* [Given entries]:
= = = = =
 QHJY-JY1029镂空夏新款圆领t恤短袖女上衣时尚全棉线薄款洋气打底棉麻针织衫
= = = = =
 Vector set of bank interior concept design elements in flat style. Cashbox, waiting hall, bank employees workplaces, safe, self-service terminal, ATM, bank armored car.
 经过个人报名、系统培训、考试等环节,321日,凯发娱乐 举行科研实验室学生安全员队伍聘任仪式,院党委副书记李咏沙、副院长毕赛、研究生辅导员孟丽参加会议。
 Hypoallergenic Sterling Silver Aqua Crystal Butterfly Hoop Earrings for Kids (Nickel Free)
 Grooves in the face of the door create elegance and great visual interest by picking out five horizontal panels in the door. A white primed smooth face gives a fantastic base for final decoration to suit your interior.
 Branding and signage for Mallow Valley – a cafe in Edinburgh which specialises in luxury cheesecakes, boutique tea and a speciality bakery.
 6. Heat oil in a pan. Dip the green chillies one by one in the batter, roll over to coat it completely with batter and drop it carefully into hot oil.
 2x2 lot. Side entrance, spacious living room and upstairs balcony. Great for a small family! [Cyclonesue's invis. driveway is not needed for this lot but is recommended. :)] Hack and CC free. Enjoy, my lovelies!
= = = = =
* [Exercise]: Extract exactly and only the lines above from the line containing "Grooves in the" through the line containing "Branding and signage", both end lines included.

* [Answer space]:
 Grooves in the face of the door create elegance and great visual interest by picking out five horizontal panels in the door. A white primed smooth face gives a fantastic base for final decoration to suit your interior.
 Branding and signage for Mallow Valley – a cafe in Edinburgh which specialises in luxury cheesecakes, boutique tea and a speciality bakery.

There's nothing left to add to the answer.